Es muy difícil poner fecha o edad a esta respuesta porque hay niños pequeños que van a aceptar casi a la primera una restricción de las tomas nocturnas y otros que van a montar un escándalo tremendo. Los bebés se dejan porque son más dóciles y tienen menos recursos: lloran hasta quedar dormidos por agotamiento (en esto, se basan algunos métodos para enseñarles a dormir) pero no es el momento adecuado para limitar las tomas. Los niños que rondan el año, están en una fase especial de su desarrollo y de noche siguen con la necesitad de mamar para obtener la seguridad indispensable a su adaptación en esta etapa tan excitante y perturbadora (empezar a hablar, manipular todos los objetos a su alcance, la autonomía que da el andar para explorar el mundo que les rodea y una mayor comprensión del mismo). Pasado los dos años, los niños tienen más recursos para aceptar que la toma nocturna puede limitarse o desaparecer si se emplea con ellos una actitud cariñosa y si se les permite mamar de día.
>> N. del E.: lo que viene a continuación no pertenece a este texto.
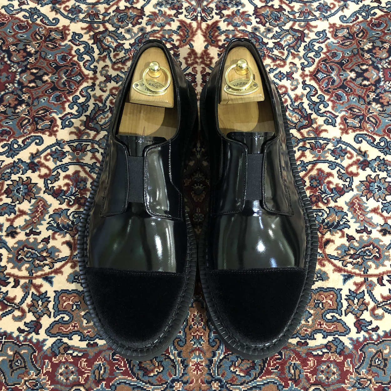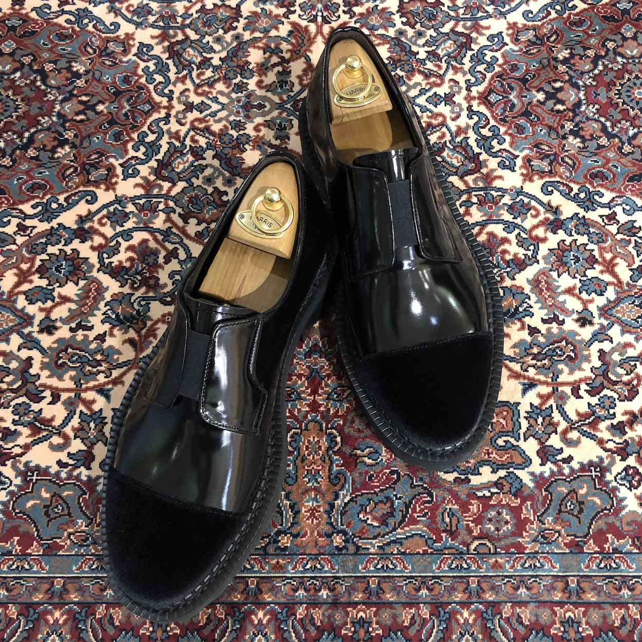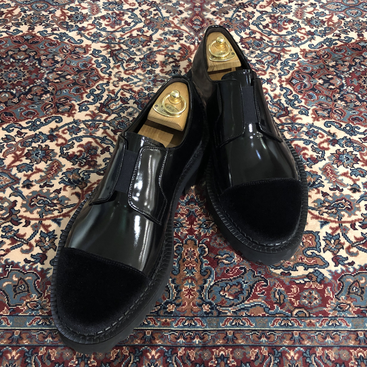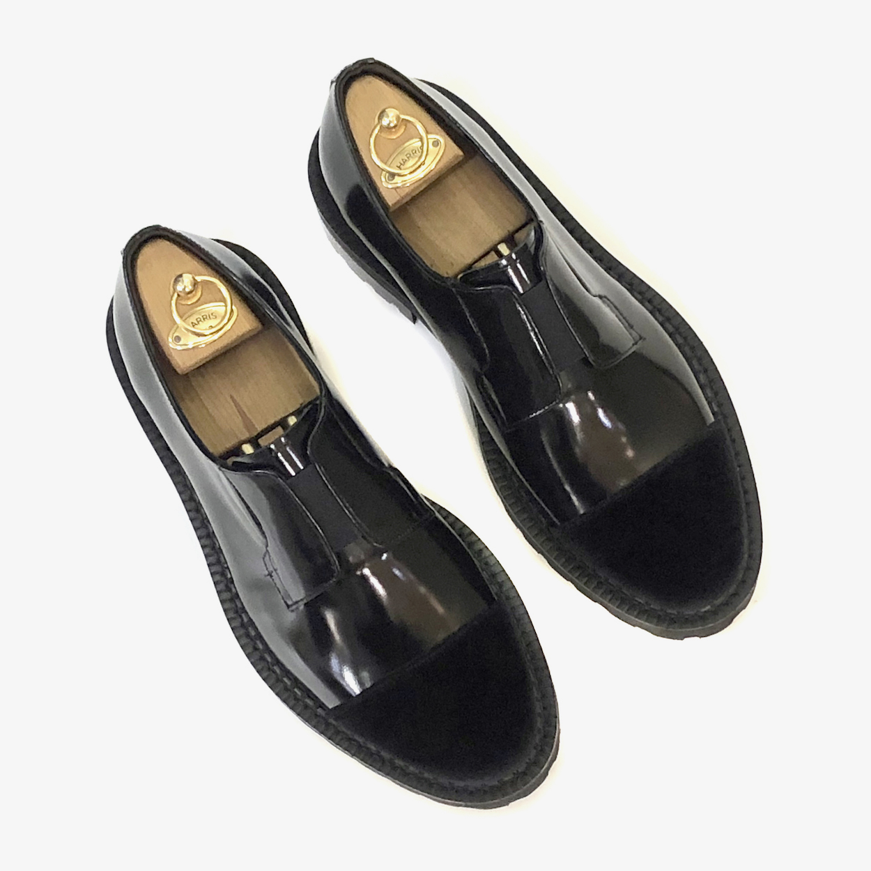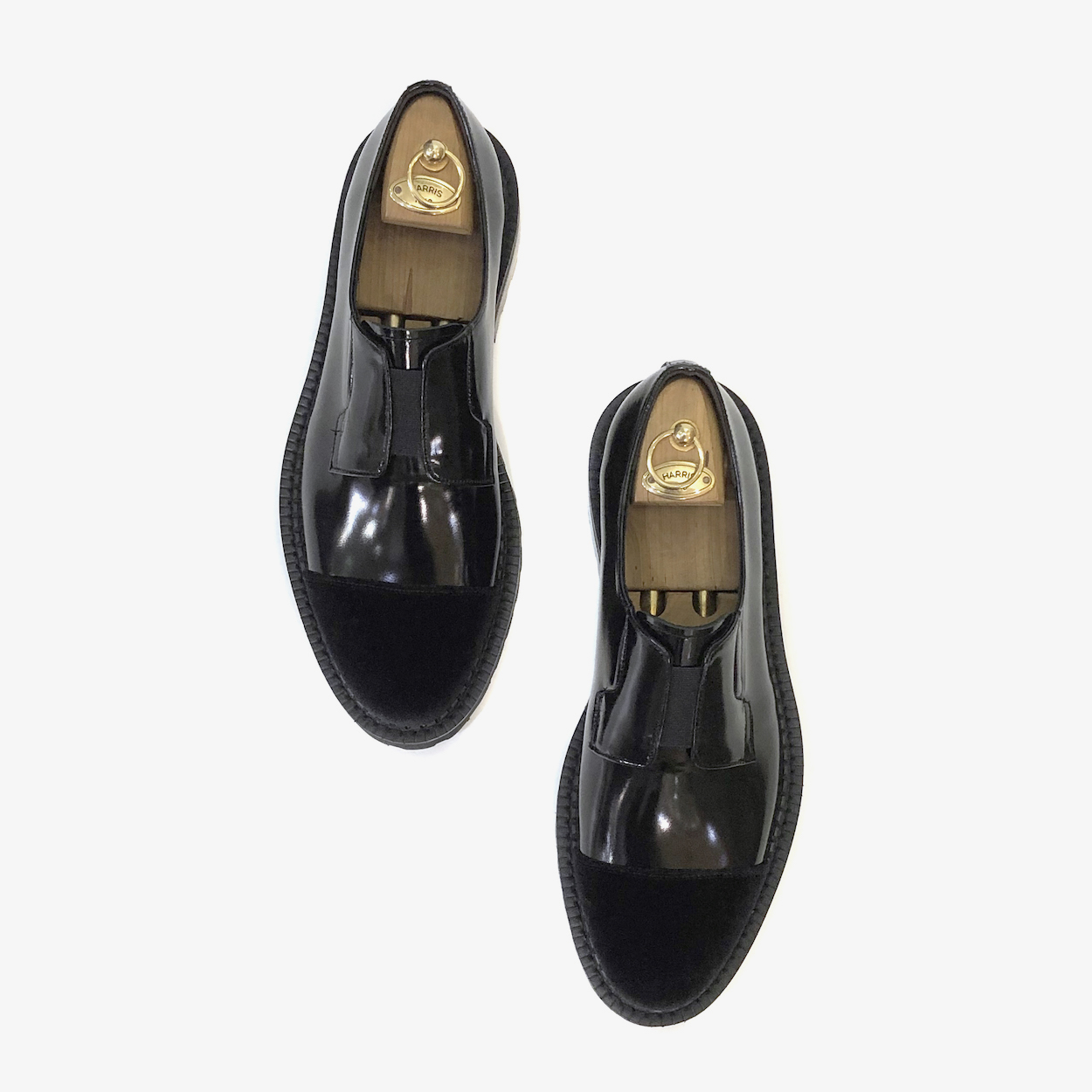 : 벨벳 원단으로 제작된 앞코 부분이 고급스럽고 세련된 느낌을 더합니다.

Cuando los intereses de la madre (necesito dormir) no coinciden con el comportamiento del niño (pido pecho toda la noche), ello indica que ha llegado el momento de reflexionar sobre la lactancia, la crianza, lo que una puede soportar y los sentimientos asociados a esta situación. Las madres que han dado el pecho a demanda hasta ahora se suelen sentir culpables por negar el pecho, por querer destetar, por no disfrutar de su hijo, por estar agotadas, por haber llegado hasta aquí, por imitar a las que siguen, por envidiar a las que lo han dejado, etc. En realidad están atrapadas entre la idealización de la lactancia y la realidad que puede ser muy dura.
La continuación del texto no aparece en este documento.